This repository corresponds to the code of a project related to a practical at the RWTH University, Aachen Germany.
The result, a citation network focused on arXiv, is available as a release. Additionally, the report about this project
is provided as part of the repository (PDF).
The work is build upon previous work by Clement et al. (see: https://github.com/mattbierbaum/arxiv-public-datasets). It is not a fully fetched library or a tool but rather potentially reusable code to achieve our or similar goals.

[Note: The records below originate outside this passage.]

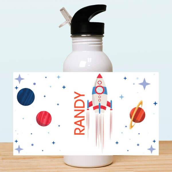 This Personalized Rocket Ship With Planets Water Bottle is the perfect accessory to keep your little boy going all day long.
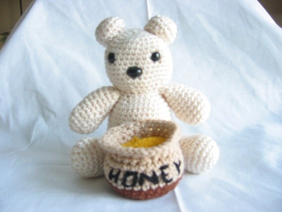 Character Name: for my pet Bear Character Ref: hes never been drawn before, i hope thats ok! i want to get a drawing of a crochet bear like this one (using this pattern, bear sitting up, heart shaped pads), except i want his face to look happy not inquisitive, and i don't want his head tilted. i want the bear’s fur to be chocolate brown and the detailing (inner ears, mouth, paws etc) to be light pink. id like the bear to be holding a crochet honey pot like this one. put one medium sized pink heart on the front of the pot (or a few smaller pink hearts) instead of the word ‘honey'. the color of the honey pot can be whatever you think looks best, maybe tan? Type***: fullbody (i always make sure to mention custom overlay since i might end up submitting the drawing, or it might just end up as profile art!) sP / CSC / USD: usd
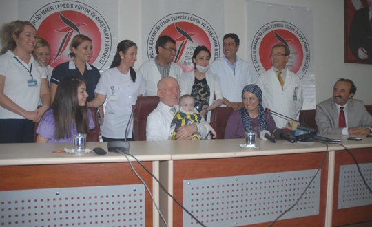 Doğuştan ince bağırsağı çalışmayan 9 aylık Hüseyin Yiğit, Opr. Dr. Cezmi Karaca, Opr. Dr. Selçuk Kılınç ve ekibi tarafından gerçekleştirilen ameliyat ile sağlığına kavuştu. Denizli'de organları bağışlanan bir kadın hastanın 100 santimetre uzunluğundaki ince bağırsağı nakledilen Hüseyin Yiğit, basın mensuplarının karşısına çıktı. Türkiye ve dünyada ilk kez İzmir Tepecik Hastanesi’nde gerçekleşen kök hücreden ince bağırsak nakli ile tıp literatürüne giren ve 17 Mayıs tarihinde ameliyat olan Hüseyin bebek 55 gündür hiçbir sağlık sorunu da yaşamadı. Normal bir insan gibi ağız yolu ile beslenmesine devam eden Hüseyin bebeğin bu ameliyatı yurtdışında olması halinde 600 bin dolar ödemek zorunda kalacağını belirten doktorlar, “Biz Hüseyin’e kendi aramızda 1 milyon dolarlık bebek diyoruz. Biliyoruz ki bu ameliyatın ardından Türkiye’ye bu konu hakkındaki talep de artacak” dedi.

In particular, this work contains a new script to download all PDFs from arXiv's public Google Cloud Storage
bucket (https://console.cloud.google.com/storage/browser/arxiv-dataset), convert them to text files and extract an
internal regex-based arXiv citation network by reusing work from Clement et al. Furthermore, a parser called Science
Parse was used to extract new citations. Additionally, a newly created Microsoft Academic Graph Extractor (MAGE), which
extracts citations of arXiv papers from the Microsoft Academic Graph (
MAG) (https://www.microsoft.com/en-us/research/project/microsoft-academic-graph/), were utilized.

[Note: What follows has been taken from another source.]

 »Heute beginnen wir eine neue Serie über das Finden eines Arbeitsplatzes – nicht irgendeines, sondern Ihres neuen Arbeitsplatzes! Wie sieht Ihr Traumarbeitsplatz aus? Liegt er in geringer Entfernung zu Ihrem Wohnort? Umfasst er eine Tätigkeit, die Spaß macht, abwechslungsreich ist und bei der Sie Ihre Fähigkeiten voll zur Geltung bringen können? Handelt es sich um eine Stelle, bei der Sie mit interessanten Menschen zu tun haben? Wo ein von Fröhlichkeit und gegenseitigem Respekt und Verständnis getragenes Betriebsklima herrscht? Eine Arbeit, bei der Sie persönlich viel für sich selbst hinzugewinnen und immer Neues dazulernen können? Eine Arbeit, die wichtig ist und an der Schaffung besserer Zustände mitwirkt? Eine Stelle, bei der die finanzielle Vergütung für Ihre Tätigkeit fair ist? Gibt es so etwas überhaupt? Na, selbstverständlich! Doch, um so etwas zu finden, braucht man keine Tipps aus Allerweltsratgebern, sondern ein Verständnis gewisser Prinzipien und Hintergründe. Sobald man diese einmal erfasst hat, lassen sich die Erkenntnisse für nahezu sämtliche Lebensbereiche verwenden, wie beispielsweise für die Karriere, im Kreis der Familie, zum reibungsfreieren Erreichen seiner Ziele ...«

More details can be found in the report or corresponding subdirectories.
Citation networks are used to trace citations between publications. They enable analysis of the impact of specific publications or the calculation of bibliographic metrics. Our project focused on extending an internal citation network created by Clement et al., which was built upon the open-access scholarly publication archive arXiv.org. We extend their result in three ways: 1) Adding references from new publications using previous work by Clement et al.; 2) Extracting references of an arXiv publication from the Microsoft Academic Graph; 3) Mining arXiv PDFs for references using Science Parse. The new methods 2. and 3. enabled us to extend the citation network with citations of external—not on arXiv—publications. As a result, we were able to expand the initial internal citation network with 1.79 million nodes and 10 million edges to a citation network with 7.36 million nodes and 48.8 million edges which also captures outgoing citations. In particular, the number of internal edges was also increased from 10 million to 23.9 million.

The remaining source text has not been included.